Wednesday, December 7, 2005

Vertigo on the Market

First Person

Academics share their personal experiences

My head has been spinning this fall. For a while the spinning was literal -- I had vertigo brought on by an inner-ear infection. It came on violently and suddenly, two weeks before classes began, and just after I had mailed the last of my job applications. I woke up and couldn't get out of bed.

Now, don't get me wrong, the emergency-room visit wasn't any fun, nor was the anti-vertigo medicine that I took for a day, before quitting because it made me paranoid and nauseated. It also wasn't pleasant to lose eight pounds in four days because I couldn't eat; and I did have a few panic attacks about how I was going to prepare for classes while unable to read or even sit up.

But, truth be told, it was nice to have an excuse to let things slide a bit as the semester began. This is my first semester back on the campus after having a baby. It's also my first semester ever as a tenure-track professor back on the job market. As I mentioned in my first column, I have a job that I love in the Los Angeles area but my husband and I want to move closer to family and I want a position with smaller classes and fewer commuter students.

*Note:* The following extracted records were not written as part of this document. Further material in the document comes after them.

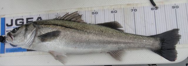 沖のキャスティングゲームにて、久々にヒラスズキが出ました☆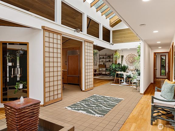 Truly one of a kind! Step into the dramatic skylight atrium & experience a home that perfectly blends iconic mid-century design w/ modern upgrades. Thoughtfully rebuilt, the owners refinished original cabinets & hardwood floors, preserved vaulted wood ceilings, and chose new fixtures to complement the MCM style—like black floor-to-ceiling windows & a chic Malm fireplace. Major system updates include electric, plumbing, furnace, foundation, windows, new exterior paint, EV charging & a long-life metal roof. Fantastic layout w/ 4 beds, 4 baths, family room, flex spaces & tons of storage. Set on nearly half an acre surrounded by trees, this exceptionally private sanctuary features sitting areas, garden beds, a greenhouse, lawn & huge Trex deck.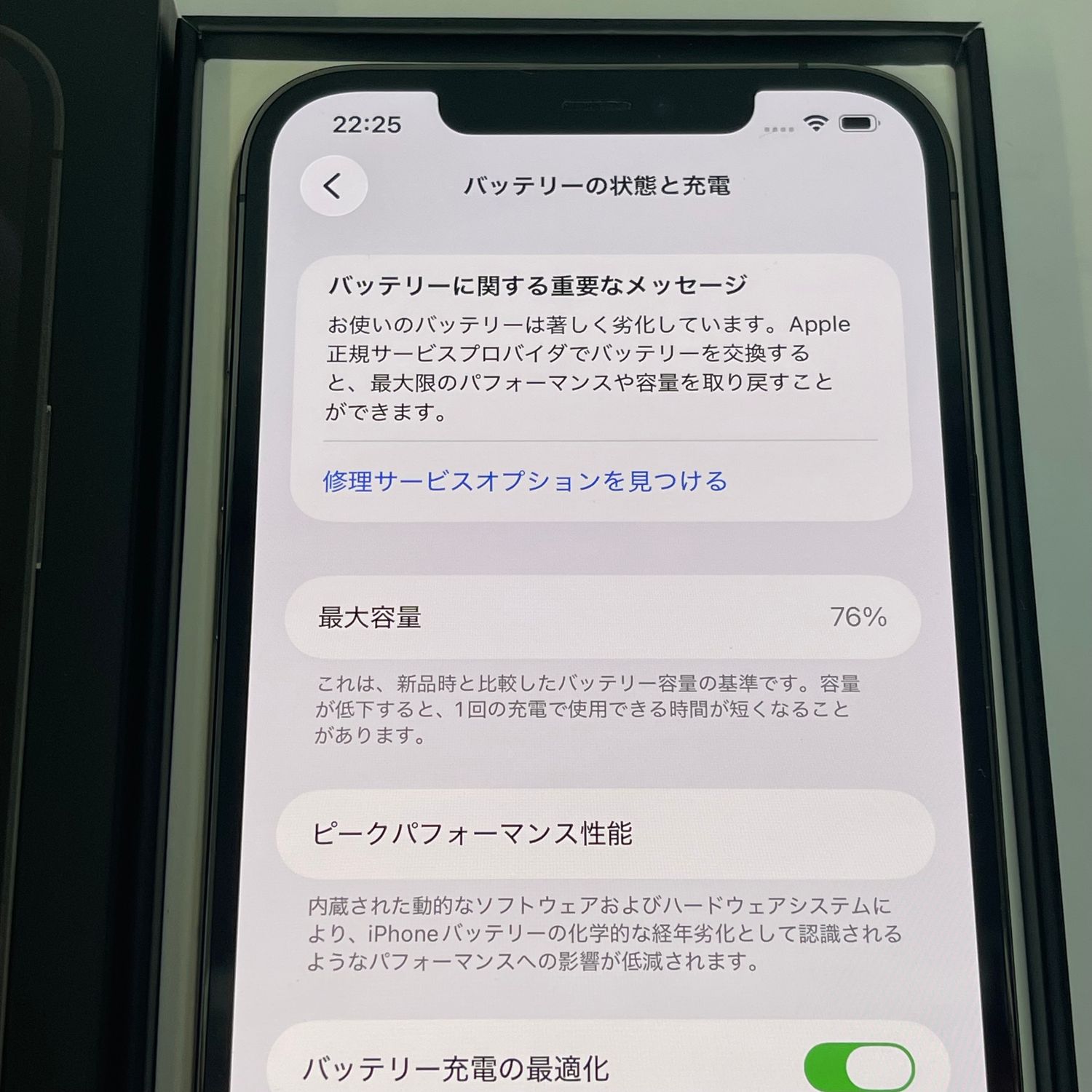 検品時のバッテリーの最大容量は76%、mydocomoにてSIMロック解除済みです。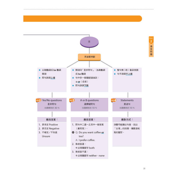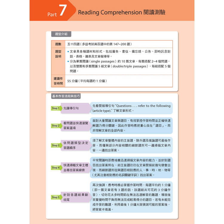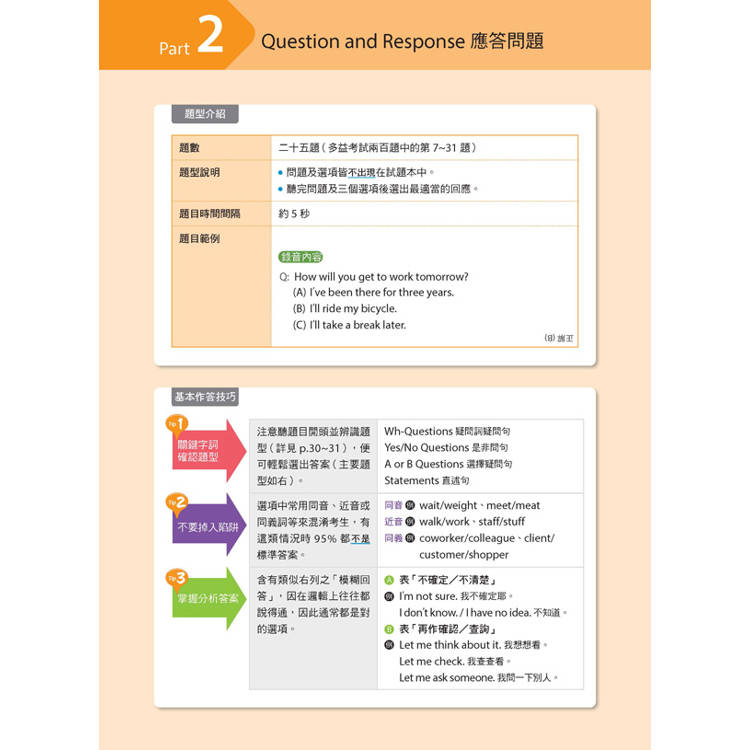 每單元一開始先歸納多益各大題的題數、考法、題目時間間隔或建議作答時間,並提供考題範例及基本作答流程與技巧,讓讀者迅速掌握應考方式與應答訣竅。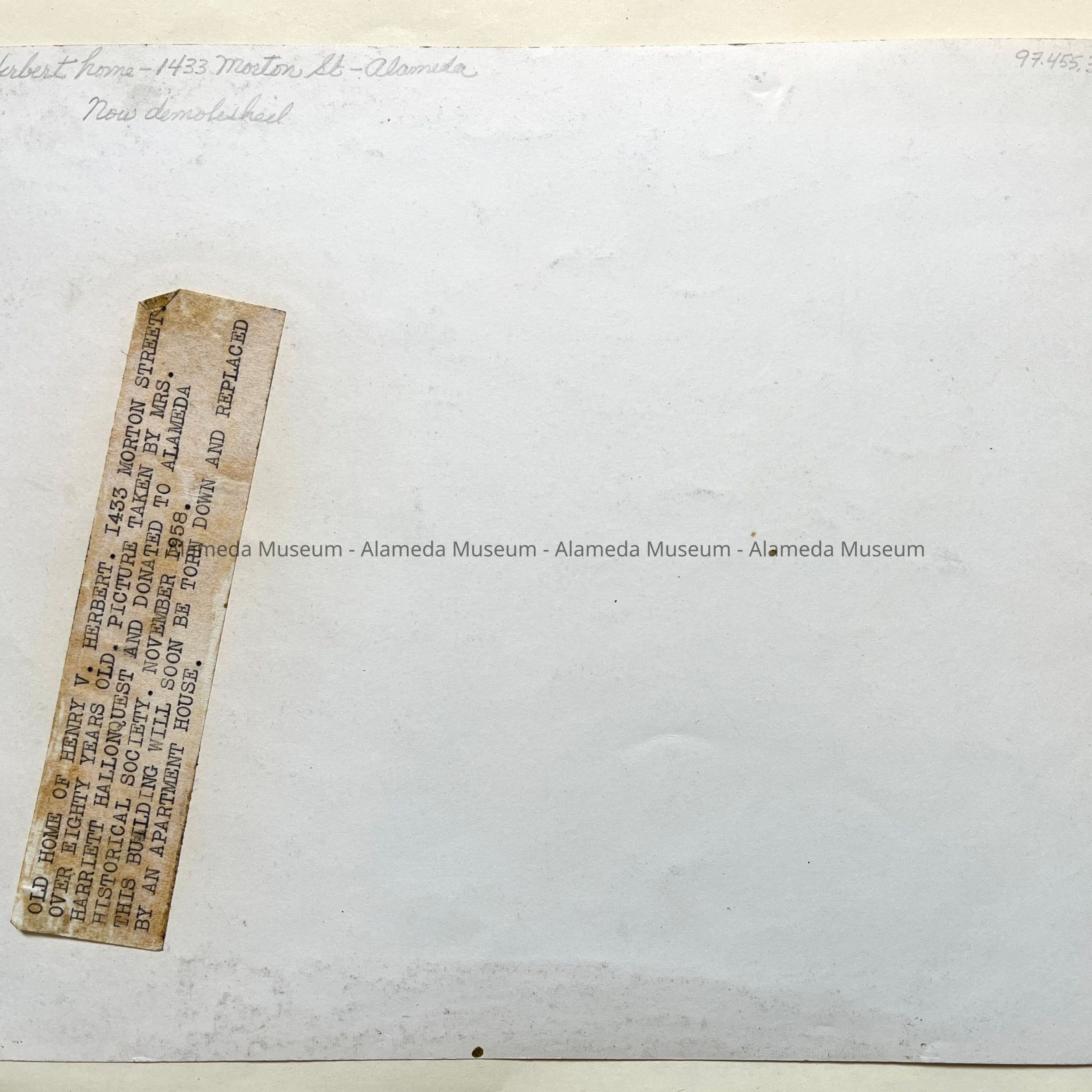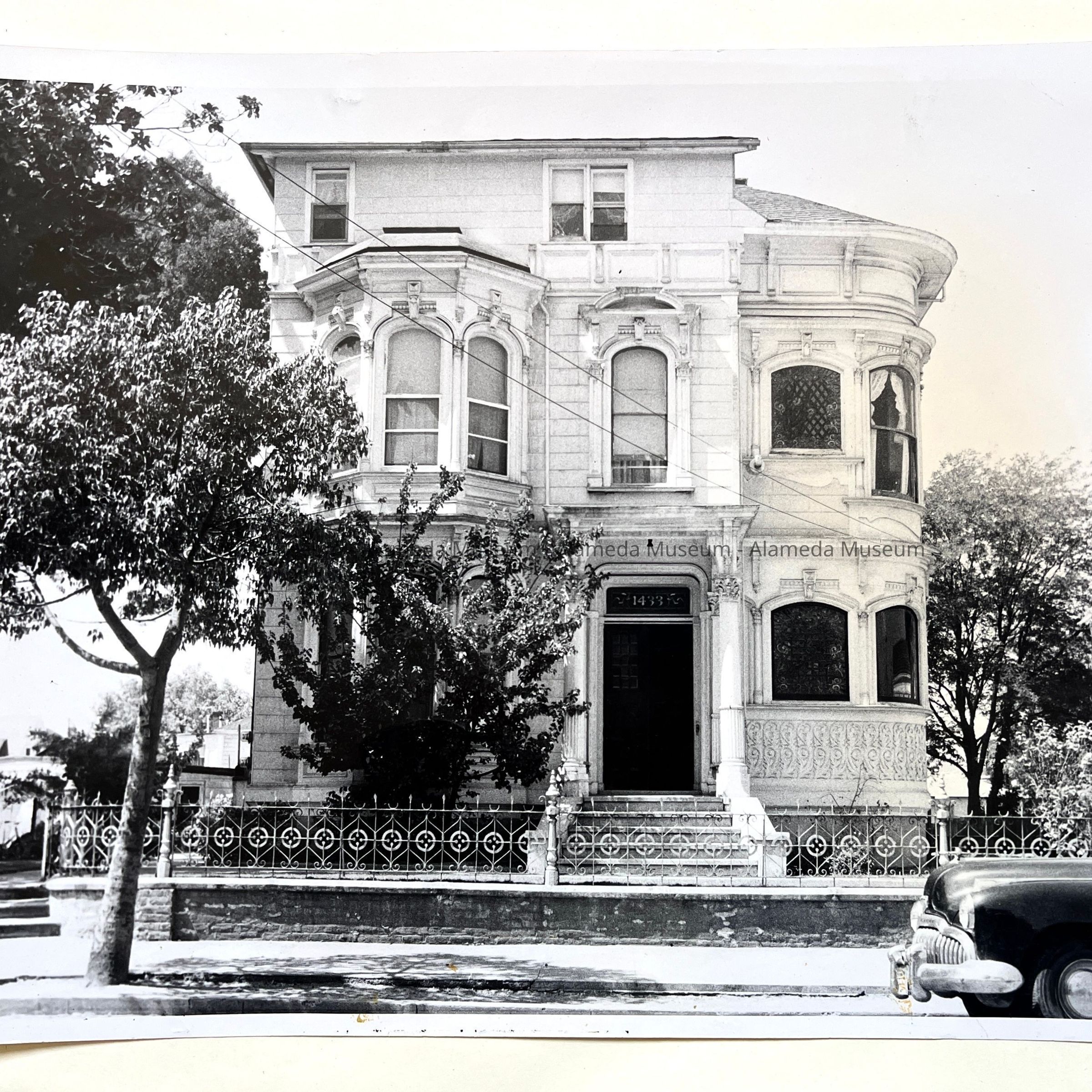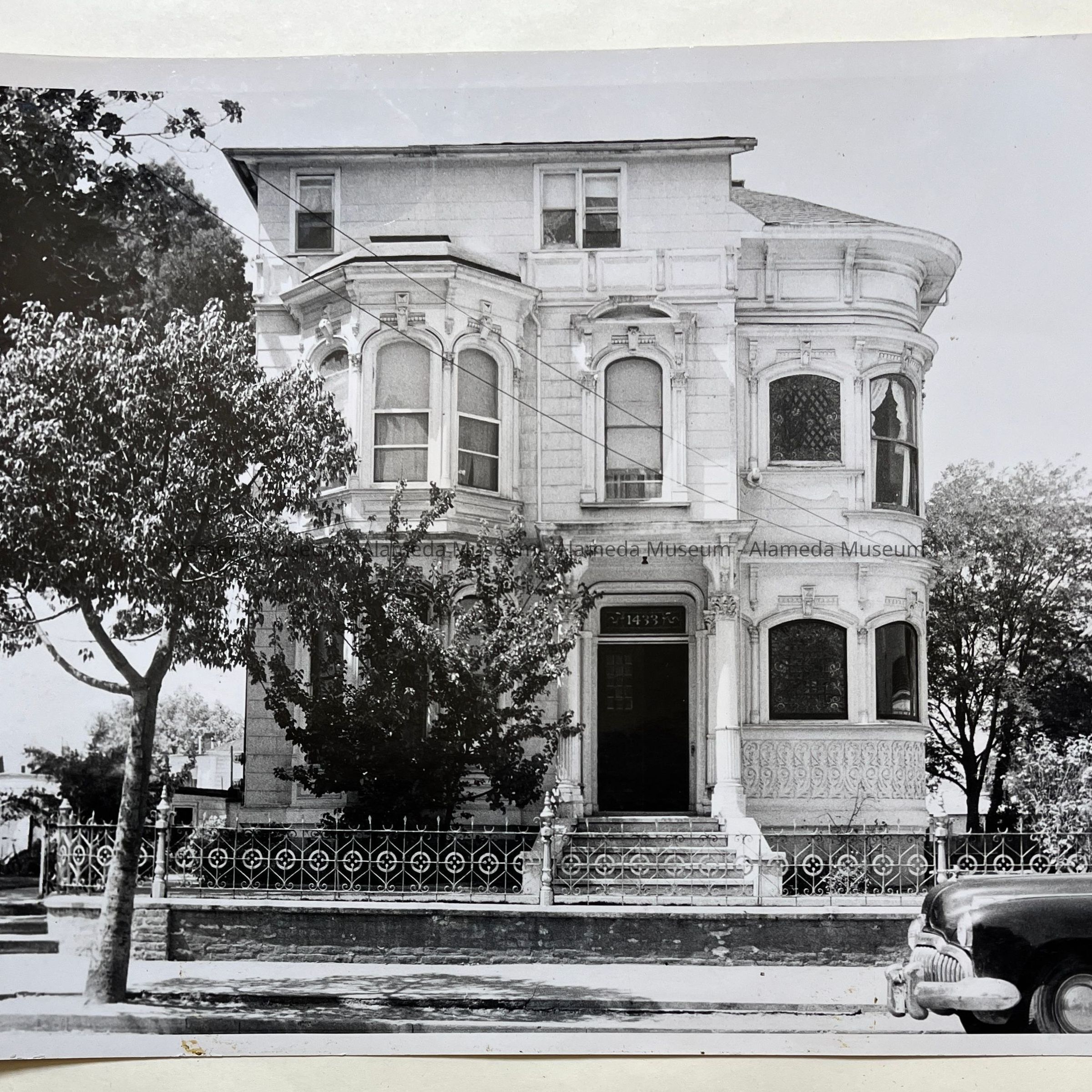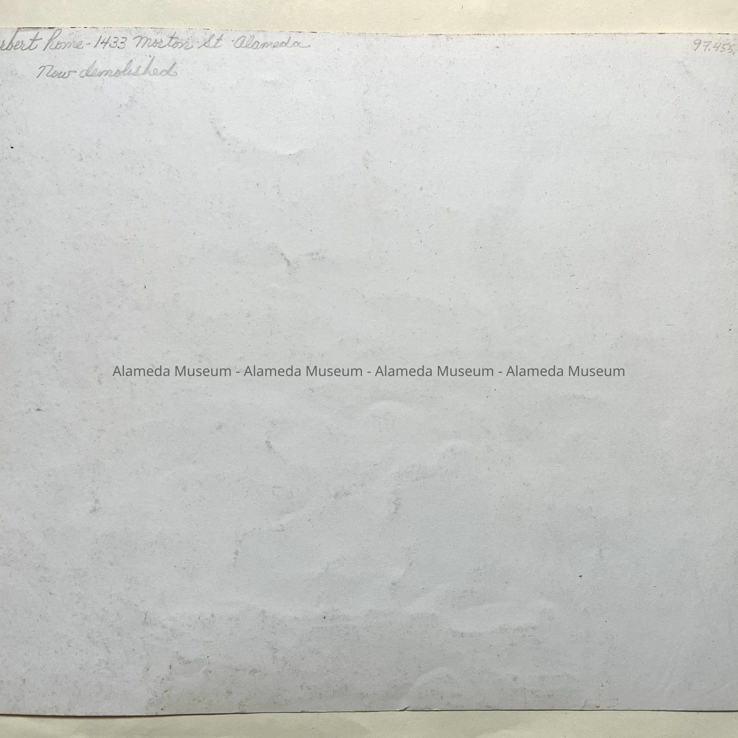 Photographs depicting various angles of Henry V. Herbert's home, located at 1433 Morton Street. Mr. Herbert was an attorney for Southern Pacific. The house was demolished in the early 1970's and only the wrought iron fence remains. Two art glass windows from the home are now in the museum collection and were removed from the house prior to demolition. The photograph was taken by Harriet Hallonquist, a member of the Alameda Photographic Society.

The experience of incredible dizziness has served me well in the past few months, as I've been going nearly nonstop on my job search. So far, I've managed to keep my feet on the ground, my head on straight, and my breathing deep.

It is with considerable gratitude that I realize how lucky I've been. For some reason, there is a glut of jobs in my area of specialty in the social sciences this year. Out of nearly 45 potential positions, I ended up applying for 11 that seemed to be a good fit for me. Each of them have some of the key factors I'm looking for: a small-college environment, a particular emphasis in areas of my teaching and research, a proximity to wilderness or rural life, and a location close to at least one branch of our family.

Of those jobs, three in particular excite me. On paper, at least, they combine everything I'm looking for. So many jobs have opened up this fall that I didn't even apply for a visiting position that had seemed perfect in August. Instead, I began fantasizing about tenure-track life at a small college in a rural state.

I was also very fortunate that the people I asked for references readily agreed, even though they don't know me extremely well. When I chose to go back on the market, I also chose not to tell members of my department about my search. Who knew if I would be successful?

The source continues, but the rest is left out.